None yet for me - but I think the best measure of success for each system is the number of subscribers they hold. It should be easy to display this data.


Exactly…I came here to post this exact idea. I would like to know how many subscribers to each system.

Very easy to do and a must…


You know, small question if you don’t mind why do you care about subscribers flow? Do you want to make a living from subscribers? lol It’s really easy to estimate number of subscribers. So far IMHO it’s around 1:6 (subscriber:system). Sooo…?

As system vendors you have info “This system has been viewed…” and you can do a math how many times your system was rejected by potential subscriber. lol

Why do you need additional business related info?


I am not asking to know how many subscribers each system has. I do not seek to measure the success of each individual system. I just want a cumulative number for all the systems on C2 to measure how many visitors to this site are open to paying for someone else’s trade ideas. A measure of the earnings potential for any talented trader outside of trading income itself.

Michael Zweighaft

Earning potential is a good thing to know , but really if you have a system that can beat other systems in C2 who really cares what type of earning potential there are, since as a large numbers of subscriber influx into your system the signals that you send out would probably work very poor and ultimately end up in a none tradable system as more subscribe influx your system. What we want to know maybe as to how long a system on average can maintain its life cycle before system failure. Therefore, we need to know on average how long did the subscriber stay with the system and from there we can calculate to potential of the system we created. Again it is pointless to calculate the potential of earning from subscriber because if your system works over a long period of time with a high yield percentage return, the influx of subscribers will be more than we can all imagine. At the present moment c2 states that it has over 700 systems which mean at least 700 individuals are available at c2 promoting and comparing system trading. So, that alone can give you a potential of 700x average cost per month subscription (100) =70000 per month income coming in , as you can see , some of the system on c2 makes at the rate of return way higher than that if it has a large account like in the order above 500k. So if your system is good, truely tradable, and consistantly profitable a hedge fund would buy out your system with a subscription of let say ( 500 per profitable trade ??? or per month) or they may just buy out your system totally for a lump sum. So don’t worry about the potential you can generate on c2 but rather concentrade on your trading technique and system trading and tradable system and that my friend is a real potential earning behind all trading system. Good luck!

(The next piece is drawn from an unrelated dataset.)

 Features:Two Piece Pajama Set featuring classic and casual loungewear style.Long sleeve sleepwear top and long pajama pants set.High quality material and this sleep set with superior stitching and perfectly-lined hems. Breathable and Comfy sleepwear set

WOW! I had never considered the HUGE profits to be made by the system developers themselves, IF that is they produce a good system, with consistency and realism. This was a damn good idea, Matthew. Kudos.

Everybody wins, but particularly the subscriber because he is able to objectively evaluate systems unlike newsletter service that reel in susbcriptions with all kinds of unverified claims and fleece the masses for millions. C2 really puts the power in the customer’s hands to reward those who are productive and punish Palians who only talk and hype and produce no results. Keep up the good work, everyone who is making this happen. I see clearly now where this place is headed in the upcoming decade.

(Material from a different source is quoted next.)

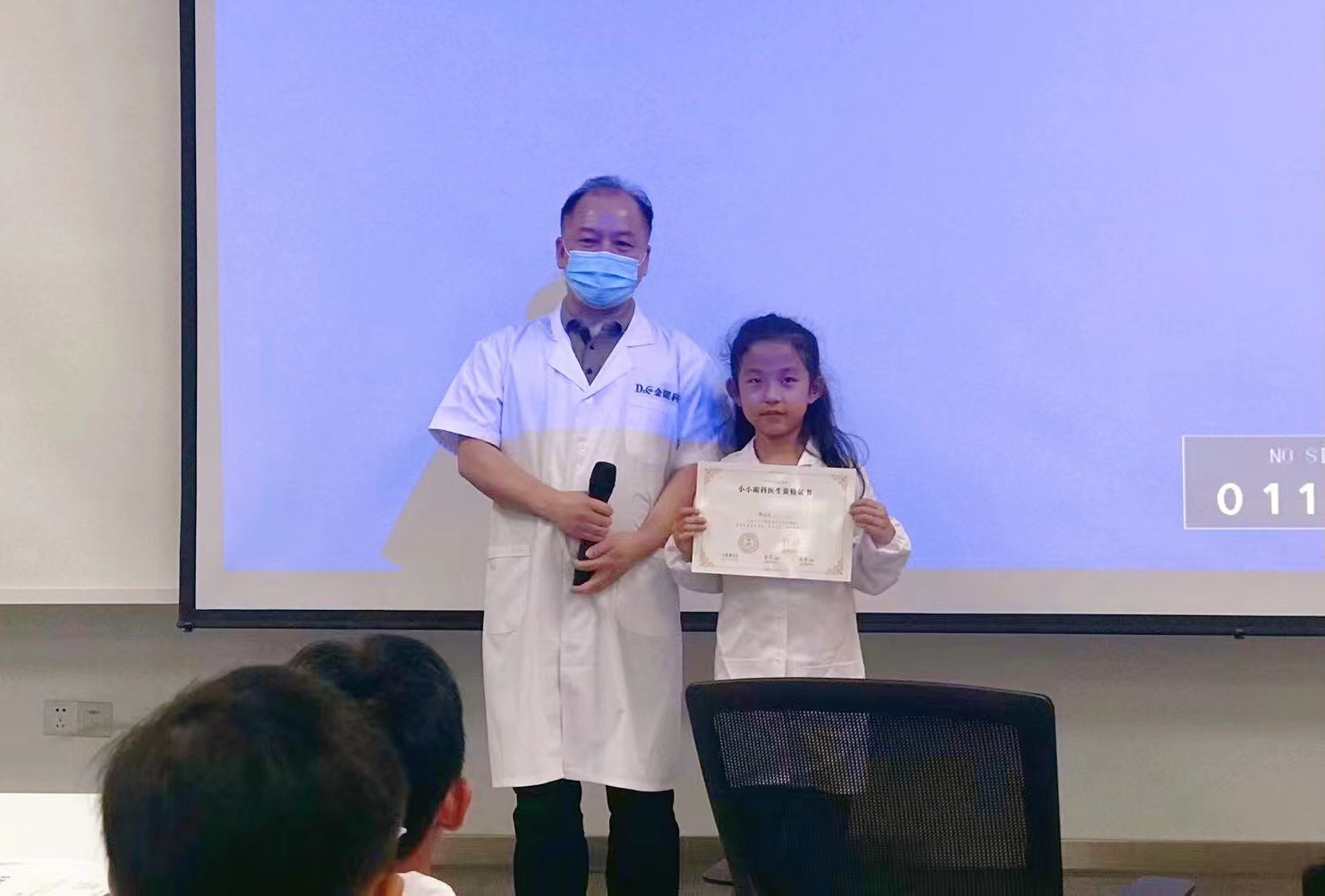 体验活动结束后,金眼科院长为小朋友们颁发爱眼宣传员的证书及礼品,与参加活动的小朋友们留影,并再次叮嘱小朋友们平时要多注意眼睛、保护好眼睛。

I’ll come clean! I have 3 subscribers - including a system developer who posted in this thread (poaching?!! LOL) They all subscribed today! Prior to that I have had 3 other subscibers, two who cancelled before they even got a signal, and one who never paid his subscription fee. I have priced my systems rather high by C2 standards, but that is because I know the system is tradeable and profitable - so a subscriber is effectively buying a significant earning potential for “pennies.” For example - If a subscriber buys my @ES system and trades a $1 M Account with it, he will make, on average, about 10% per month or 100k and be required to pay me less than 1k. Equitable?! Maybe in the subscriber’s eyes, not mine.

I use C2 primarily as a test bed and proving ground. Subscriber revenue is a great way to ensure that C2 pays for itself! If the system’s track record is good - the hedge funds will call. As it stands, Koan 2 EURUSD will probably be pulled in the next couple of months; I have two fund managers competing for exclusivity based on the real world performance currently underway. THIS is where the money is for system developers. Depending on what your regulatory environment is like, anywhere from 20 to 50% performance fees. Now THERE’S an incentive to write good systems!

I have two fund managers competing for exclusivity based on the real world performance currently underway.

In my opinion, this demand for exclusivity is irrational, unless they are willing to buy the whole system (assuming that you created it) along with the rights to it and you are able (not under any contract obligations) and willing to sell it.

Individualism and independence rise and fall together. Any other politics represents the opposite of the virtue of independence; it represents a form of slavery.

Justice is the virtue of judging men morally and of granting to each that which he deserves. Like every other virtue, this is a form of fidelity to reality, of independent thought, and of self-protection. It requires, therefore, a political system consonant with all these values; the system is capitalism.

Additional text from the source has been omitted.